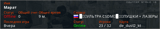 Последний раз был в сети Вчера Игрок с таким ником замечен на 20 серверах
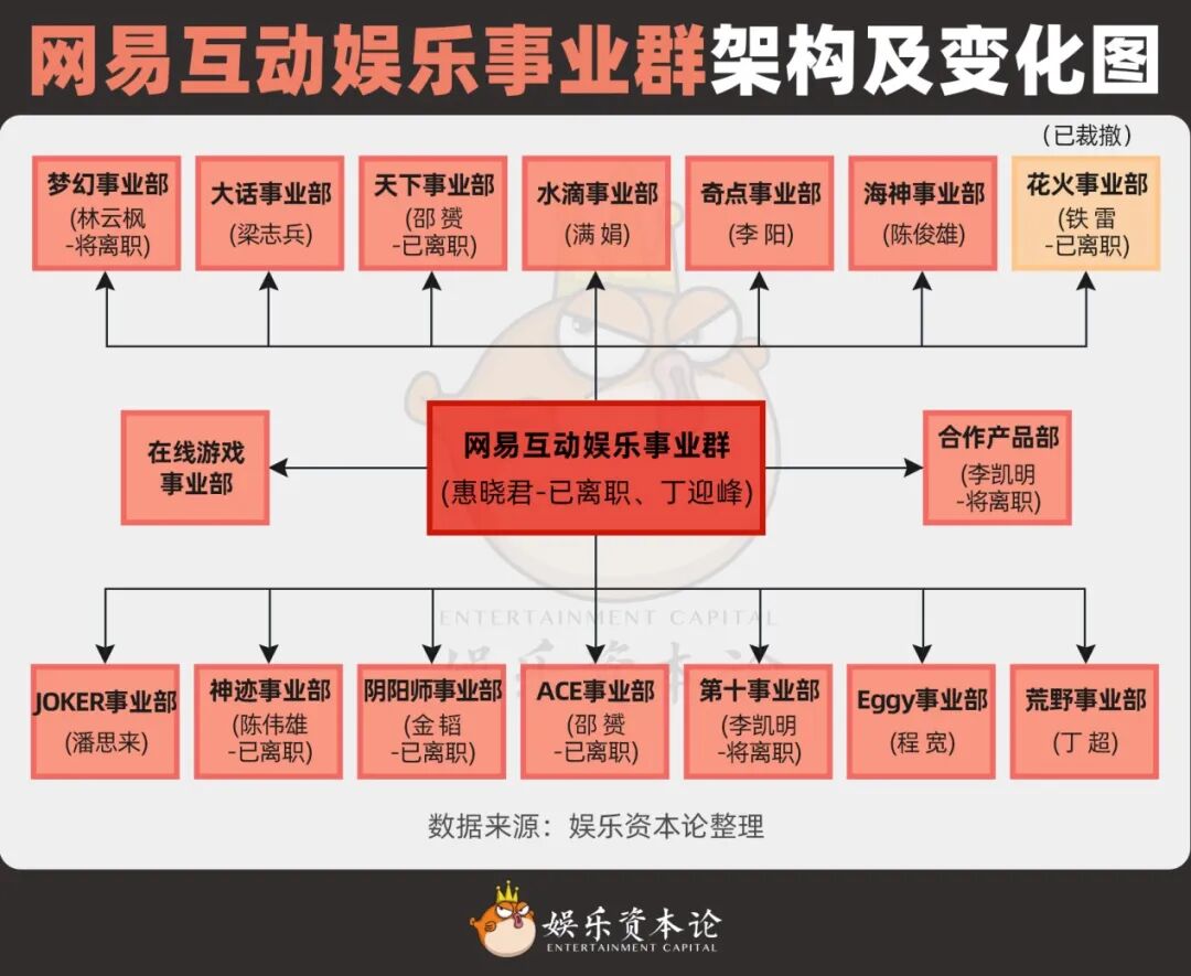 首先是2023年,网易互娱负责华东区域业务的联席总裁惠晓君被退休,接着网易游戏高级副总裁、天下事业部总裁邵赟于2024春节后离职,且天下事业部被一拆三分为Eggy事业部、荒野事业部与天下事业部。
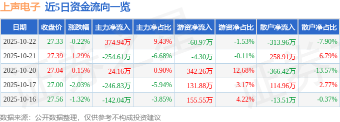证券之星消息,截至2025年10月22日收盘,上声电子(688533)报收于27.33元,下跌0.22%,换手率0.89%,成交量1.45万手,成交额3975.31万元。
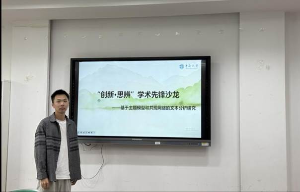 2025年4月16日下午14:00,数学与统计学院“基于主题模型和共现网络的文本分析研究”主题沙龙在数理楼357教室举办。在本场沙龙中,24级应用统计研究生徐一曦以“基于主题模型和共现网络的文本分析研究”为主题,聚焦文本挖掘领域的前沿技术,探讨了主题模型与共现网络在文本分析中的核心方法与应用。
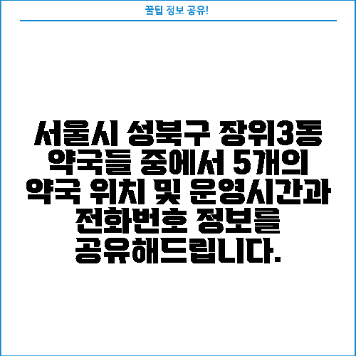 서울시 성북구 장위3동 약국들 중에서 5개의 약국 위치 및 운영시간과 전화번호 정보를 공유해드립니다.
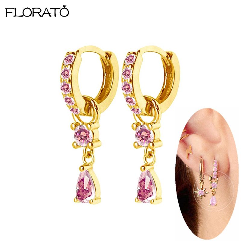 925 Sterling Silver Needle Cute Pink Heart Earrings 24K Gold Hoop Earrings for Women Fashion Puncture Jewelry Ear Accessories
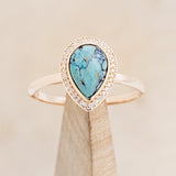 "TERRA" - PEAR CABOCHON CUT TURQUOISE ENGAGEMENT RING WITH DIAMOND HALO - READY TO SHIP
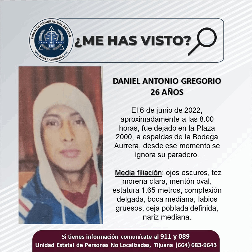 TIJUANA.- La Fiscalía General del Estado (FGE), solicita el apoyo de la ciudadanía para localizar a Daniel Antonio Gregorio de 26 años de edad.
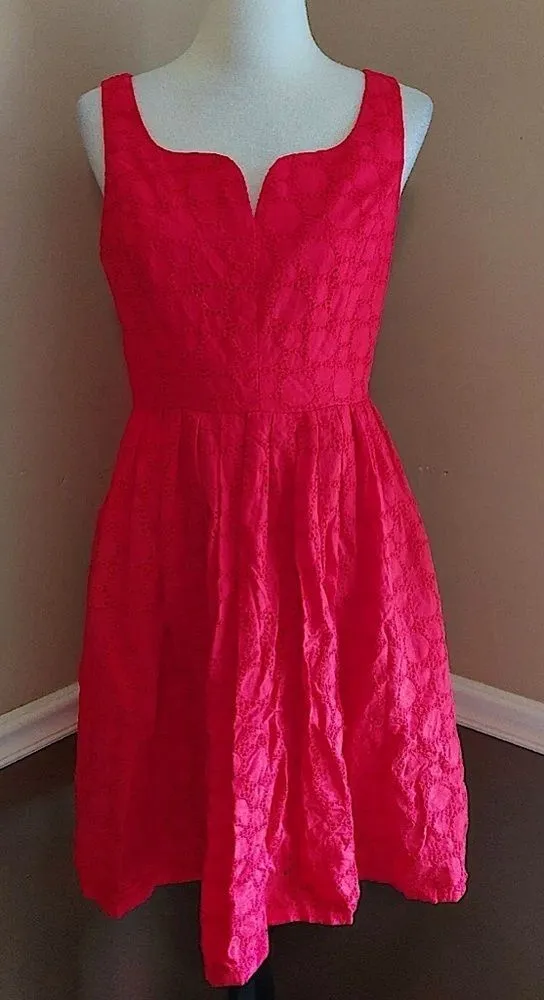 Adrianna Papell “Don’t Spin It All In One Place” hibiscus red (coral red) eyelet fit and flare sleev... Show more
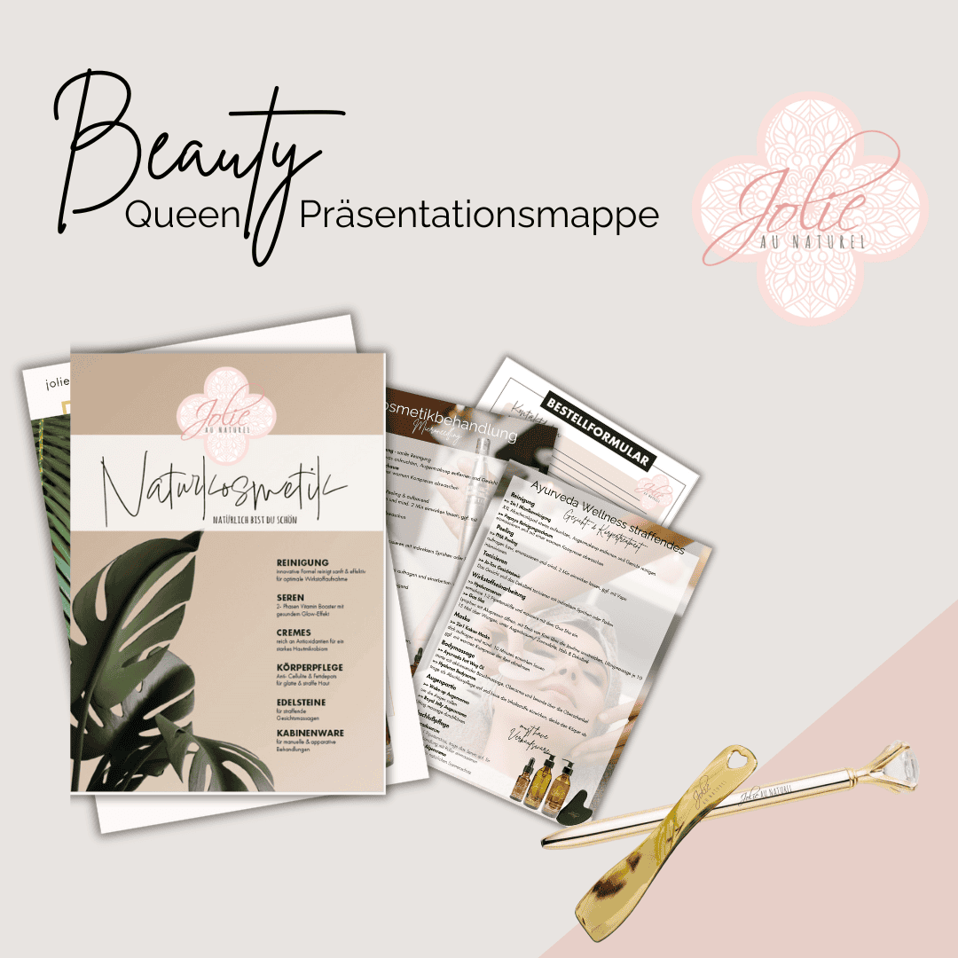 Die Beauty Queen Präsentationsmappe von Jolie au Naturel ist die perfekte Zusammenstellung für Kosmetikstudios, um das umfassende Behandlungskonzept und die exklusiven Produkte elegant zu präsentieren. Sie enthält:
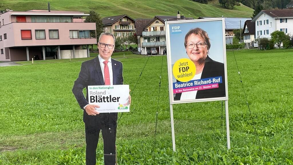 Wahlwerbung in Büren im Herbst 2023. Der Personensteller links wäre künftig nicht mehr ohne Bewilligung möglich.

•••

→ Work task:
The expected output is an exact copy of the lines from the one holding "sleev... Show more" through the last line of the listing above, with the pictures omitted.

→ Finished exercise:
 Adrianna Papell “Don’t Spin It All In One Place” hibiscus red (coral red) eyelet fit and flare sleev... Show more
 Die Beauty Queen Präsentationsmappe von Jolie au Naturel ist die perfekte Zusammenstellung für Kosmetikstudios, um das umfassende Behandlungskonzept und die exklusiven Produkte elegant zu präsentieren. Sie enthält:
 Wahlwerbung in Büren im Herbst 2023. Der Personensteller links wäre künftig nicht mehr ohne Bewilligung möglich.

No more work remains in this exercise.